Они пришли за час до отхода автобуса. И это было хорошо. И то хорошо было, что, отстранив его, как она всегда это делала, Зина сама купила ему билет.
Они сидели, ожидая, когда подойдет автобус. Сидели тихо, молча. Что они могли друг другу сказать?
Он обнял ее за плечи, искоса поглядел на нее — а можно ли это? — и продолжал сидеть рядом, не желая думать о том, как это будет, когда он окажется без нее.

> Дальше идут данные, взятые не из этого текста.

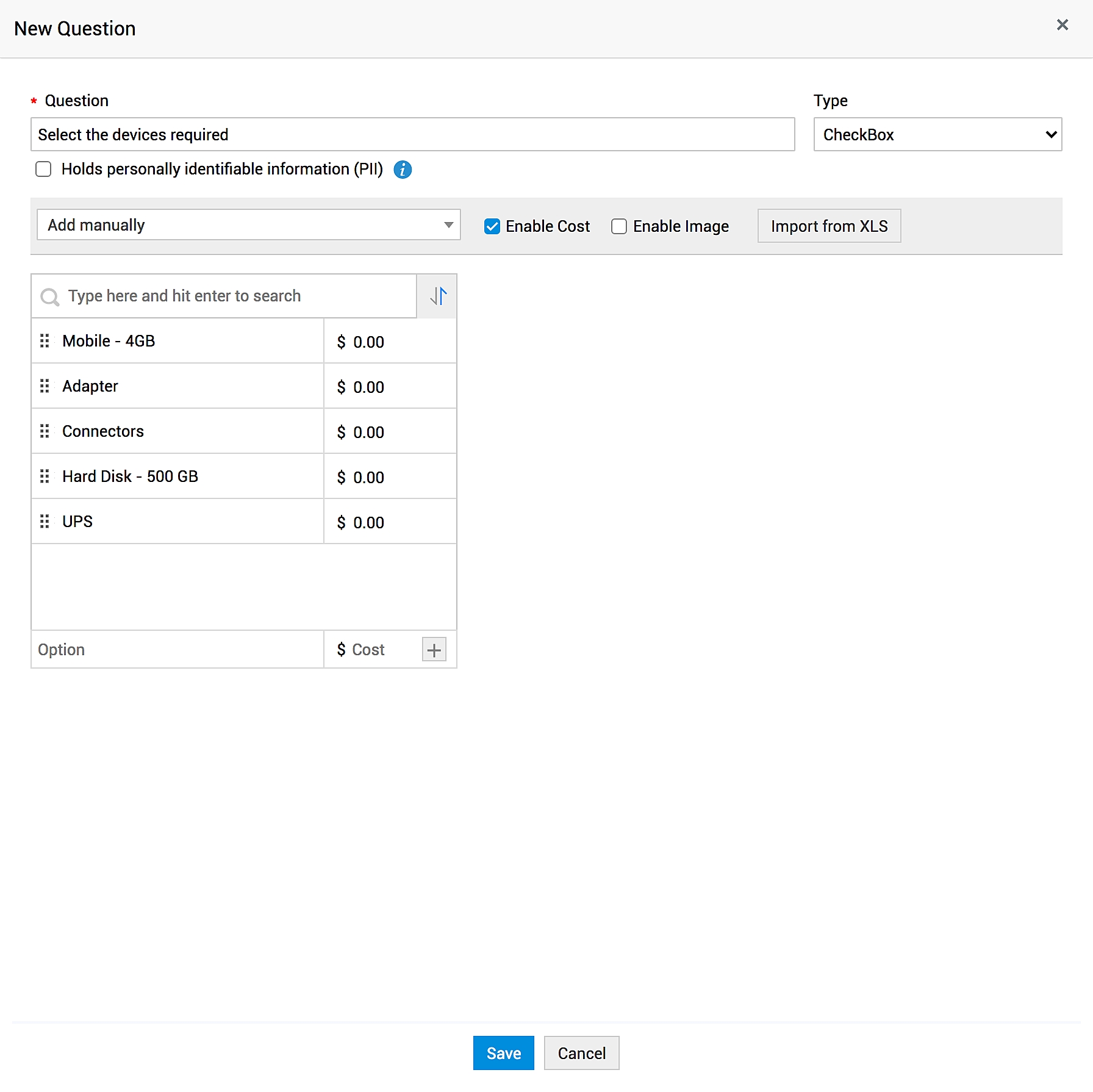 Import from XLS file - Import your options and their cost from an XLS file. The sheet number is auto-populated. Map the Name and Cost fields to the relevant columns in the XLS file and click Import.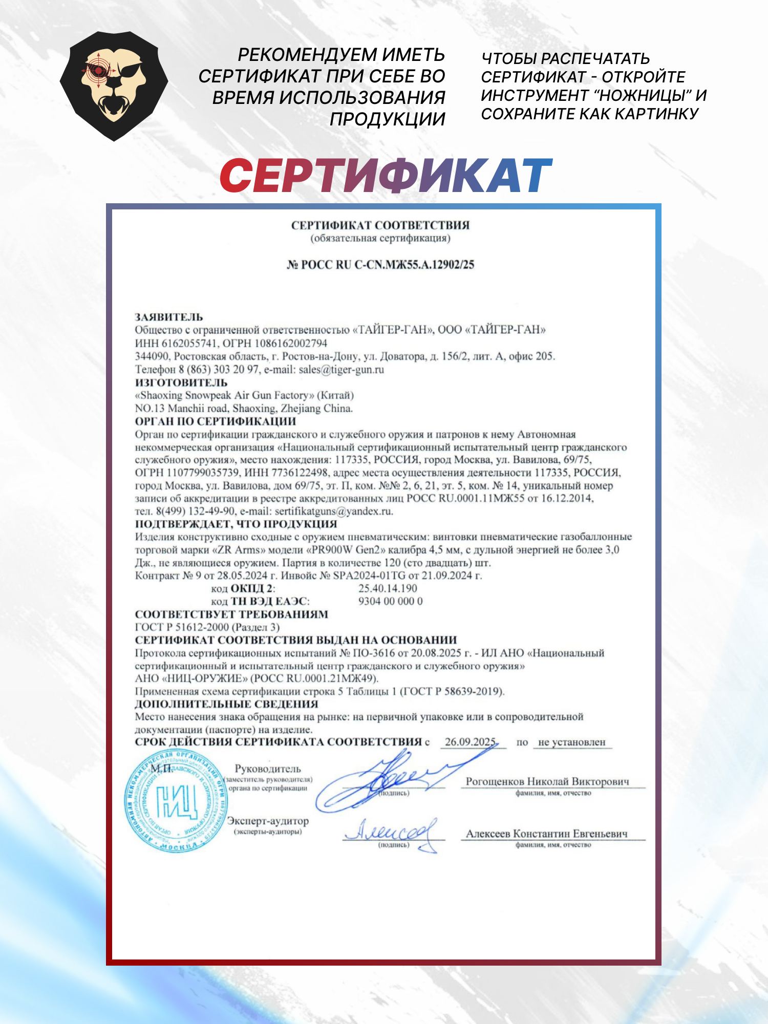 Информация о товаре "Пневматическая винтовка ZR Arms PR900W Gen.2 4.5 мм (PCP, дерево)" носит ознакомительный характер, и не является публичной офертой, определяемой положениями Статьи 437 Гражданского кодекса Российской Федерации, характеристики, внешний вид, цвет и комплектация могут быть изменены производителем без уведомления.

Но вот автобус наконец подали. Он быстро переполнился пассажирами, жителями сельских мест — все больше пожилыми женщинами в косынках и стариками.
Петр Ильич внес в автобус свой чемодан, глянул на Зину из окна — вниз. И вдруг, как бы совсем неожиданно, автобус тронулся. Ее глаза, которые были озабочены только им, ее лицо, которое было спокойно и грустно, потому что было плохо ему, Петру Ильичу, — задрожало… Она неслась, летела по ходу автобуса, как бегут провожающие вслед поезду… Она махала платком потому, что так делать принято, кто-то придумал это… Побежала на своих высоких каблуках с этим вот переворачивавшим сердце Петру Ильичу лицом.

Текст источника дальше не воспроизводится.